No reason was given but earlier Roh was quoted as telling reporters in Pyongyang that he felt a ''wall, hard to tear down'' in his talks with Kim.

''(The North) does not completely trust South Korea. To actively proceed with the things we want to do, we need to overcome this wall of mistrust,'' a pool report quoted Roh as saying.

He cited as an example Pyongyang's dissatisfaction with the speed of development of an industrial park run by the South in Kaesong, a former royal capital just north of the border between the two Koreas, which remain technically at war.

A South Korean spokesman quoted Kim Jong-il as saying at the end of a meeting with Roh: ''We have had sufficient dialogue so it (another day) may not be necessary. You have people waiting in the South so let's do it as we had planned.'' A South Korean presidential spokesman said earlier in Seoul that Kim had proposed adding an extra day to the summit, only the second in more than 60 years of national division. so that their talks could be more substantive and relaxed.

The three-day meeting comes amid news of an imminent deal between North Korea and regional powers to unwind Pyongyang's nuclear arms programme and put an end to years of bluster, threats and diplomatic wrangling.

Late on Tuesday, the United States suggested that the international community was close to a deal that would lead to massive aid for the North and an end to its isolation if it finally gives up its ambition to become a nuclear weapons power.

The chief US envoy to nuclear talks among the two Koreas, China, Japan, Russia and the United States said he expected a draft statement in the next day or two on a timetable to disable North Korea's Soviet-era nuclear complex by the end of this year.

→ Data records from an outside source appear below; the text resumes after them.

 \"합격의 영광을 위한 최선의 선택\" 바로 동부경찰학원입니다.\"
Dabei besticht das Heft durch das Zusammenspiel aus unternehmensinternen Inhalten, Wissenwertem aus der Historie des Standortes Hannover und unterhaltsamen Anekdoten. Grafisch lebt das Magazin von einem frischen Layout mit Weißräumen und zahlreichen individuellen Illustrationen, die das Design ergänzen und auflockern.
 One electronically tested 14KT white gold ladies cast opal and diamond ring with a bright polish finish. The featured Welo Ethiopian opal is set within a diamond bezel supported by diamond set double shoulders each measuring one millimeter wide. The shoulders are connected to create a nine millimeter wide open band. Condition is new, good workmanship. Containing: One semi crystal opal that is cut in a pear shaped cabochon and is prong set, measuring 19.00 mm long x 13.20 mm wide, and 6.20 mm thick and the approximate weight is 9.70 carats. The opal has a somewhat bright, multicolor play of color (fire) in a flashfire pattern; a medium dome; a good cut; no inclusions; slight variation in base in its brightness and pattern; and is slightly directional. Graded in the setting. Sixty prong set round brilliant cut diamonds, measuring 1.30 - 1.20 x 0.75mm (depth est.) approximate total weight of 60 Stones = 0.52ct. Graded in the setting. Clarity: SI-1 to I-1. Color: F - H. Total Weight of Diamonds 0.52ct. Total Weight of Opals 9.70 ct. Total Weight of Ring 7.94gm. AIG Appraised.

MORE AFFABLE Before driving north yesterday, Roh had said he wanted the summit to ease tensions and help his impoverished communist neighbour. Yet his first encounter with a dour, unsmiling Kim in Pyongyang yesterday did not augur well.

It was a far more affable North Korean leader who turned up on Wednesday ahead of formal talks, television footage showed.

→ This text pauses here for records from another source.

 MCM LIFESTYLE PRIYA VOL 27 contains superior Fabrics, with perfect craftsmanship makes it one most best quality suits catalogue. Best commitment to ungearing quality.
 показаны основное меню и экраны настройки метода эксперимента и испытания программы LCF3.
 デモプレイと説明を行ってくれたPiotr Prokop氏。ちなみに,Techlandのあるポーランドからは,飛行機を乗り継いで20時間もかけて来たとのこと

Film-buff Kim's face lit up when he saw gifts from Roh: a painted room screen, high quality tea and a collection of DVDs that included a drama about a royal court cook starring one of Kim's favourite South Korean actresses, Lee Young-ae.

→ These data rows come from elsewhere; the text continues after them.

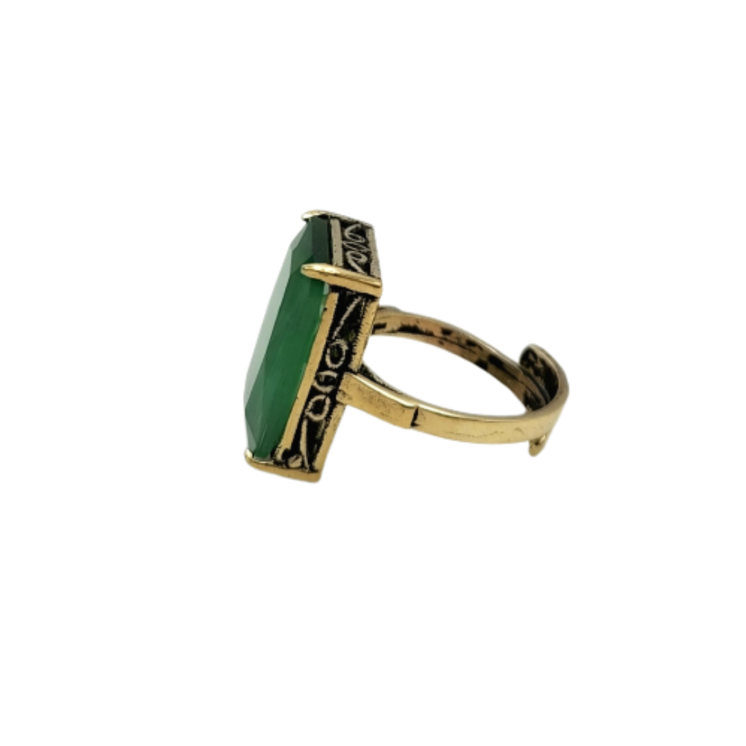 Yeşil Kedi Gözü taşıyla bezenmiş bu otantik bronz yüzük, özel kuyumcu işçiliğiyle üretilmiştir. Doğal kedi gözü taşının enerjisiyle harmanlanan bronz yüzüğümüz, hem şıklığı hem de otantik tasarımıyla göz kamaştırır. Parmağa göre ayarlanabilir yapısıyla her kullanıcıya uyum sağlar. Zarif detayları ve el yapımı dokunuşları ile günlük kullanımda veya özel günlerde fark yaratmak isteyenler için ideal bir seçimdir. Benzersiz tasarımı ve doğal taşın enerjisiyle öne çıkan bu yüzük, mağazanızın koleksiyonuna şıklık katacak.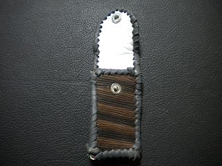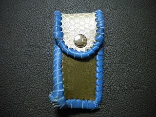 表面の正面側は、ブルースネークデザインのレザーを使用しました。 表面の蓋から、後ろ側にかけては、ブラックメタルカラーのレザーを使用しています。 ケースの内側は、ホワイトグレーのレザーを使用しました。 ケース周囲は、縦ラインをホワイトグレーのレザー、横ラインをブラックレザーで、かがりをして仕上げました。 |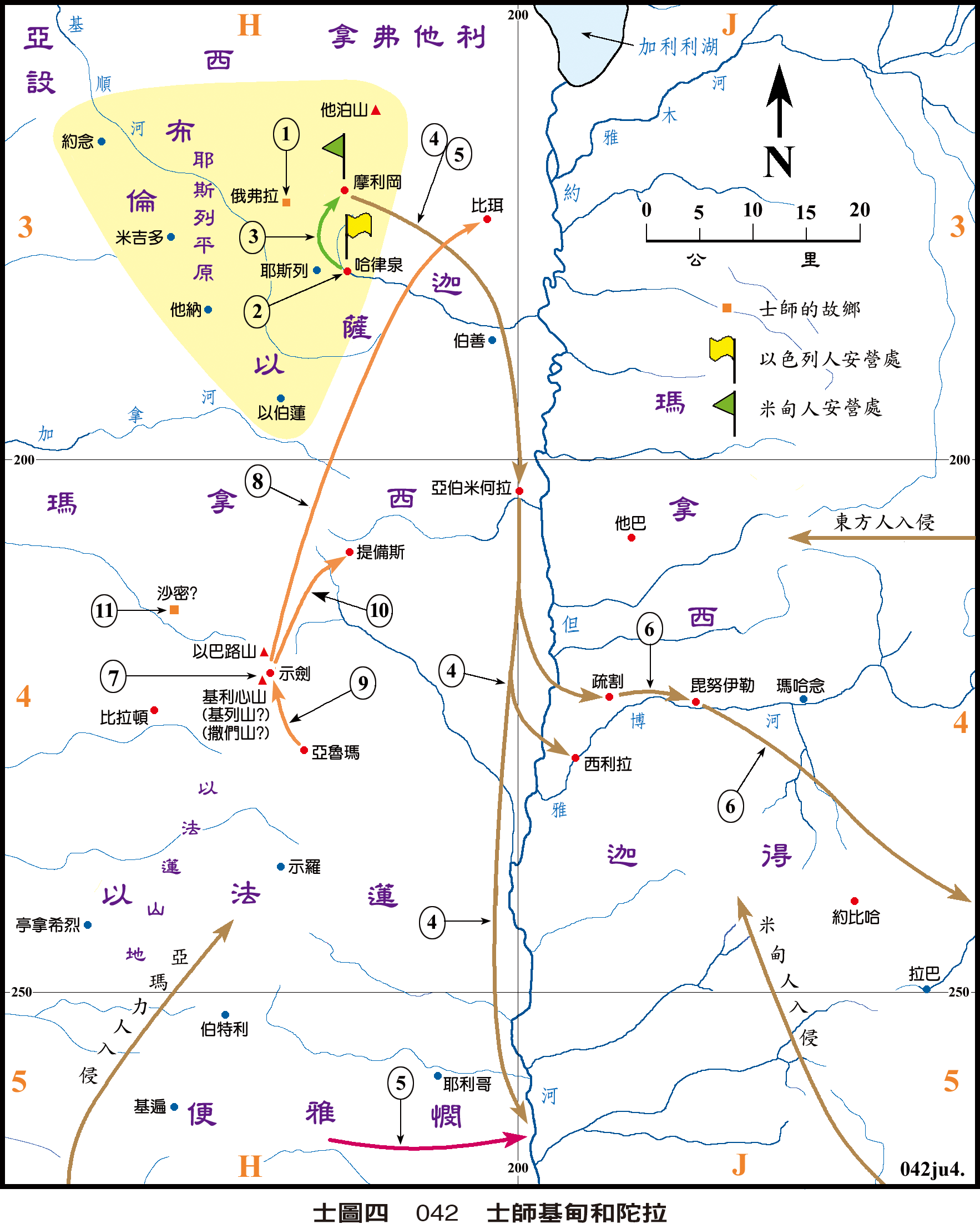 * #士7:9-22| 基甸帶著三百人,在半夜時分分三隊到摩利岡米甸人的營區旁吹角及吶喊,見動線3。耶和華使米甸人大亂,在營內用刀互相擊殺,再往來時的方向亂竄逃跑。以色列人此時也都出動來追剿米甸人,經亞伯米何拉往加各而去,見動線4。

While it is a crime for ordinary North Koreans to watch films from the South, they made an ideal gift for the revered leader.

The atomic deal, almost exactly a year after the North had conducted its first nuclear test, eases domestic and international pressure on Roh to force disarmament concessions out of Kim.

His critics said the visit was aimed more at domestic politics and expected Roh to skirt the nuclear weapons issue and mass human rights abuses so as not to offend his host.

Roh insisted the summit would foster peace on the peninsula, partitioned since the end of World War Two, and help the ruined economy of the North which maintains one of the world's largest standing armies, mostly stationed near their common border.

South Korean officials say only an organic approach will end one of the region's biggest security threats and bring the North in from the cold.

They point to the need to build up the North's economy, which has come close to collapse under Kim, leader since 1994 when he , inherited his position and personality cult from his father.

Few details have leaked out on what the two leaders have discussed other than that they touched on peace and economic cooperation.

South Korean officials said before the summit Seoul could pledge aid worth billions of dollars to rebuild the North's creaking infrastructure and the foes might sign an agreement to ease tensions on the Cold War's last frontier.

Roh is still expected to witness one of the North's typical mass games extravaganzas this evening, complete with goose-stepping soldiers, dancing schoolgirls and a large flip card animation section that promotes unification under the North's communist banner.